BEGIN
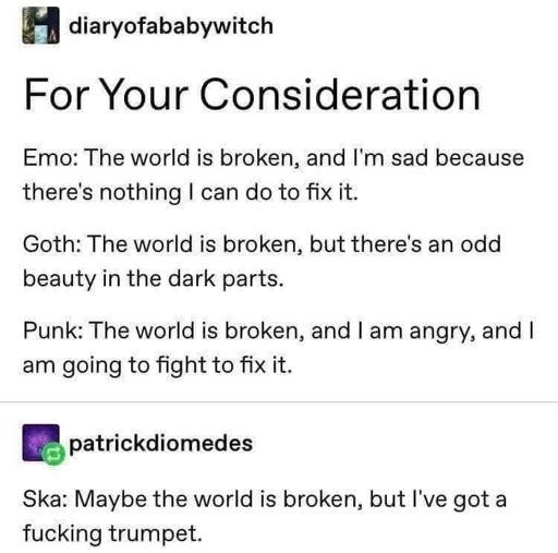 Re: the ska quote - There’s a sticker at a venue here with Batman pimp slapping Robin as he says this that I think about a lot.
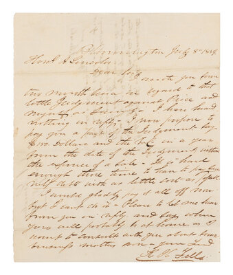 [LINCOLN, Abraham (1809-1865)]. Autograph endorsement, 8 lines, signed ("A. Lincoln") on the verso of a letter from Kersey H. Fell, Bloomington, Ill., 8 July 1859.
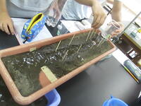 川に水を流し、カーブしているところの川岸の様子や川の上流、中流、下流の様子を確認しています。
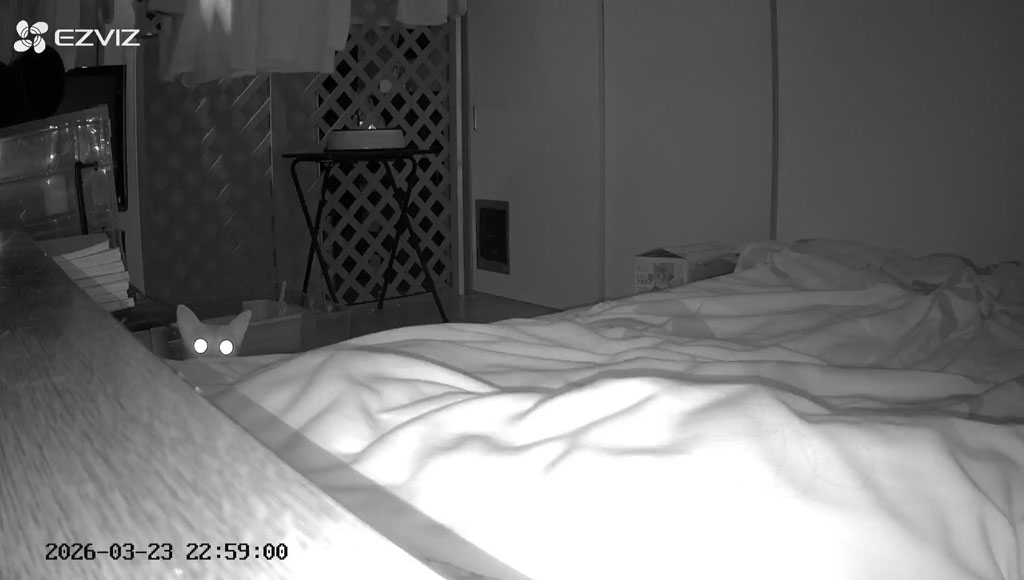 そして、スマホの充電もたっぷりと出来たところで、ちょっとアビのすけのことが気になったので、Webカメラでチャックしてみると、アビのすけ、2階のテレビの方にいました。
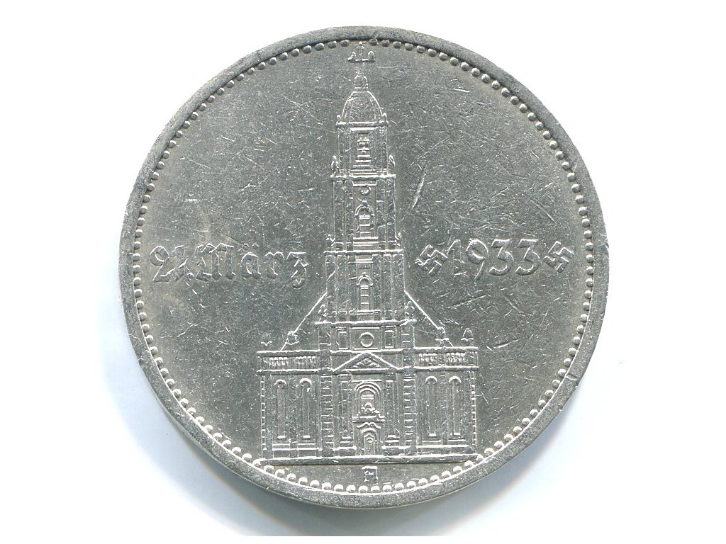 NĚMECKO. 5 Mark 1934/A. Věž + datum.
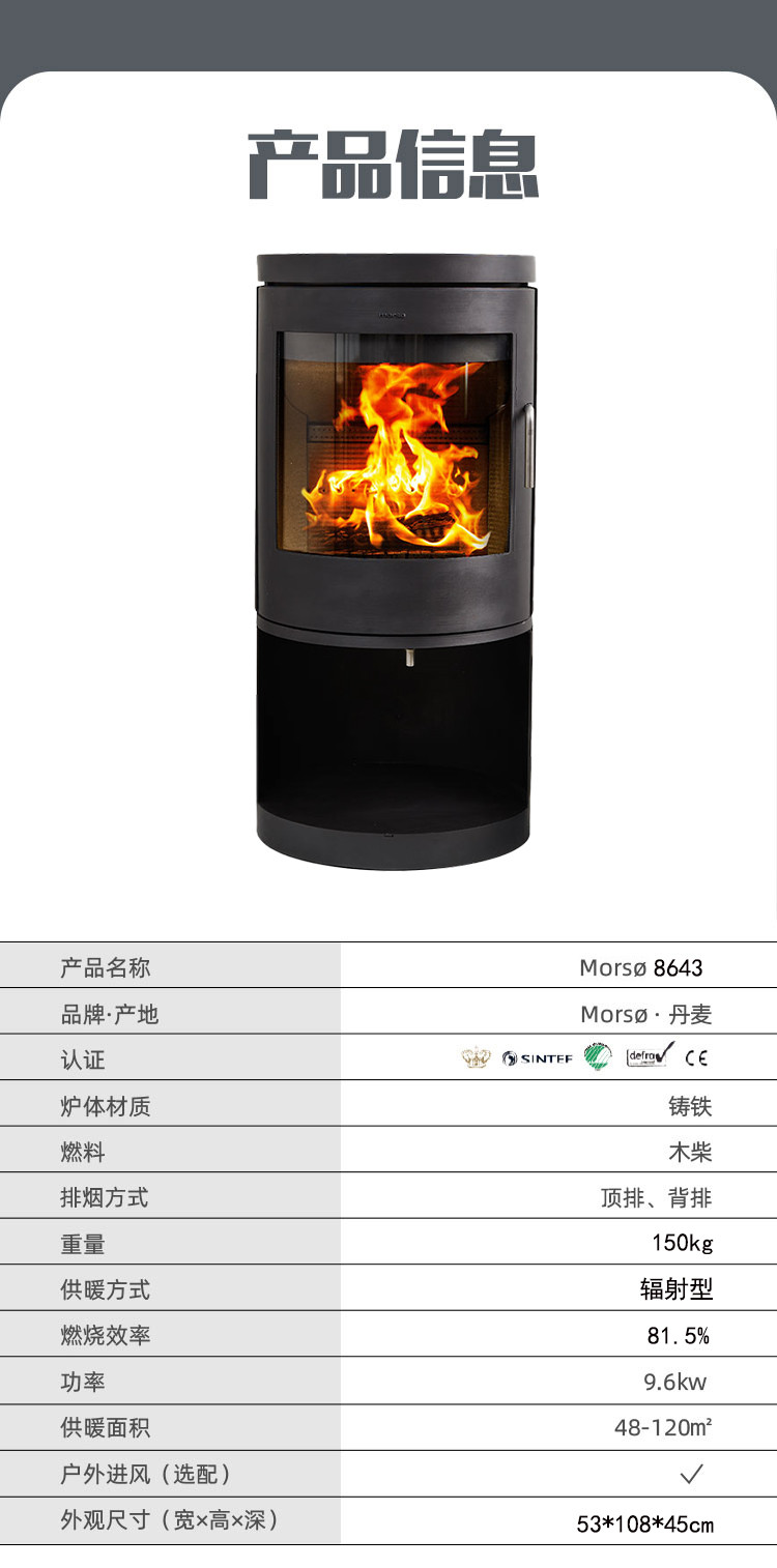 | 產(chǎn)品亮點: | 官方售價:¥69800,峰值功率9.6KW,效率81.5%,外觀尺寸53*108*45cm,供暖面積48-120平方。Morso 8643采用全新的內(nèi)部設(shè)計,結(jié)合6100和8100系列超高溫燃燒技術(shù),使得它成為全球“最強大”的燃木火爐之一。干凈簡約的設(shè)計風(fēng)格,看似簡單卻不失經(jīng)典,這可以讓您在使用幾十年后依舊不會過時,可選配戶外進風(fēng),頂排/背排兩種安裝方式! |
END
### What you have to do
The data above must be given again in full and unaltered, minus its images.

### Solution for this problem
 Re: the ska quote - There’s a sticker at a venue here with Batman pimp slapping Robin as he says this that I think about a lot.
 [LINCOLN, Abraham (1809-1865)]. Autograph endorsement, 8 lines, signed ("A. Lincoln") on the verso of a letter from Kersey H. Fell, Bloomington, Ill., 8 July 1859.
 川に水を流し、カーブしているところの川岸の様子や川の上流、中流、下流の様子を確認しています。
 そして、スマホの充電もたっぷりと出来たところで、ちょっとアビのすけのことが気になったので、Webカメラでチャックしてみると、アビのすけ、2階のテレビの方にいました。
 NĚMECKO. 5 Mark 1934/A. Věž + datum.
 | 產(chǎn)品亮點: | 官方售價:¥69800,峰值功率9.6KW,效率81.5%,外觀尺寸53*108*45cm,供暖面積48-120平方。Morso 8643采用全新的內(nèi)部設(shè)計,結(jié)合6100和8100系列超高溫燃燒技術(shù),使得它成為全球“最強大”的燃木火爐之一。干凈簡約的設(shè)計風(fēng)格,看似簡單卻不失經(jīng)典,這可以讓您在使用幾十年后依舊不會過時,可選配戶外進風(fēng),頂排/背排兩種安裝方式! |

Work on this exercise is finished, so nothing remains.